Turbulent Dynamos

Coherent magnetic fields are observed in stars, galaxies and galaxy clusters and influence important physical processes in these astrophysical systems. The origin of cosmic magnetic fields is thought to be the result of turbulent dynamos which convert kinetic energy of the fluid to magnetic energy.

There are two kinds of turbulent dynamos.

• Mean field (or large scale) dynamo : amplifies fields correlated on scales larger than the fluid stirring scale or the energy carrying scale
• Fluctuation (or small scale) dynamo : amplifies fields correlated on scales smaller than the fluid stirring scale.

Mean field dynamos are required to explain the large scale component of magnetic fields in systems like stars, spiral galaxies and accretion discs. In particular, fluctuation dynamos are generic, and operate with minimal requirements of the underlying fluid flow.

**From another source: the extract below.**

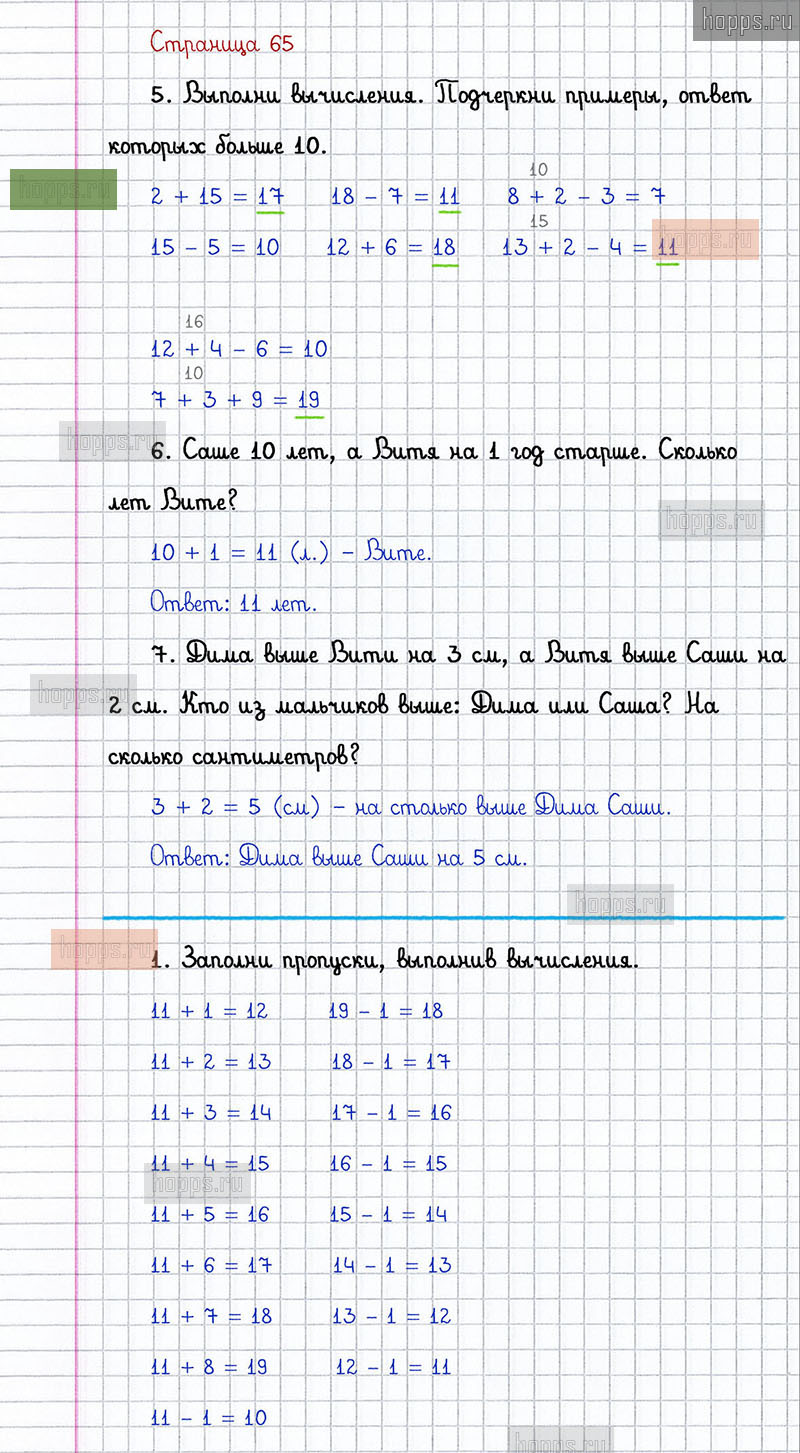Подробные ответы к заданиям, расположенным на 65 странице 2 части учебника 2019 года по математике авторов Г.В. Дорофеев, Т.Н. Миракова, Т.Б. Бука для учащихся 1 класса.

My thesis work, under the supervision of Prof Kandaswamy Subramanian, is titled Magnetic fields in the universe: Understanding their origin and evolution. In my thesis work, I investigated the turbulent dynamo theory and its applications both analytically and numerically.

Key results from my thesis:

• Extending Kazantsev's theory for small-scale dynamo (SSD) to include finite time correlation effect. We solved this extended equation to find a reduced growth rate for the SSD but one which intriguingly preserves the magnetic power spectrum of the Kazantsev form.
• Using high resolution simulations, it was shown that SSD grown fields can help understand Faraday Rotation measures in galaxy clusters. This is because as the SSD saturates, the magnetic integral scale grows from resistive scale to 1/4-1/3 of the velocity out eddy scale.
• 1024^3 simulations of helical dynamos at Pm=0.1 and Pm=10 show that a unified dynamo operates in kinematic regime. This dynamo saturates at small scales and then at progressively at larger scales. As the small scale fields become increasingly coherent on saturation, this averts the magnetic Reynolds number dependent quenching of the large-scale field.

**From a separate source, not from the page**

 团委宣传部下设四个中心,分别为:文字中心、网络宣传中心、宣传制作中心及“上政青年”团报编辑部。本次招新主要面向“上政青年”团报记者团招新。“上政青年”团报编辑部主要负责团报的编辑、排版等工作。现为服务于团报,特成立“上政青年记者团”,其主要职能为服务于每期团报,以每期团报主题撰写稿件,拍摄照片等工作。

512^3, Pm=1 small-scale dynamo

Beyond PhD:
More recently, further investigation of helical dynamo simulations (with and without shear) has yielded a novel result. We have identified a novel intermediate second stage of exponentially growing large-scale field, different from that of the kinematic unified dynamo, due to a quasi-kinematic LSD. The term 'quasi-kinematic' is to signify that this LSD action arises as the SSD saturates (indicating that the system has become nonlinear) while the large-scale fields are possibly unaffected by the Lorentz force. This arises in a previously unidentified parameter regime, but one that is in fact expected to be generic in astrophysical systems. This important result, that a quasi-kinematic LSD can operate in large magnetic Reynolds number systems, alleviates the concern that large-scale fields are overwhelmed by rapidly growing small-scale fields in such systems.
We have just submitted it for publication.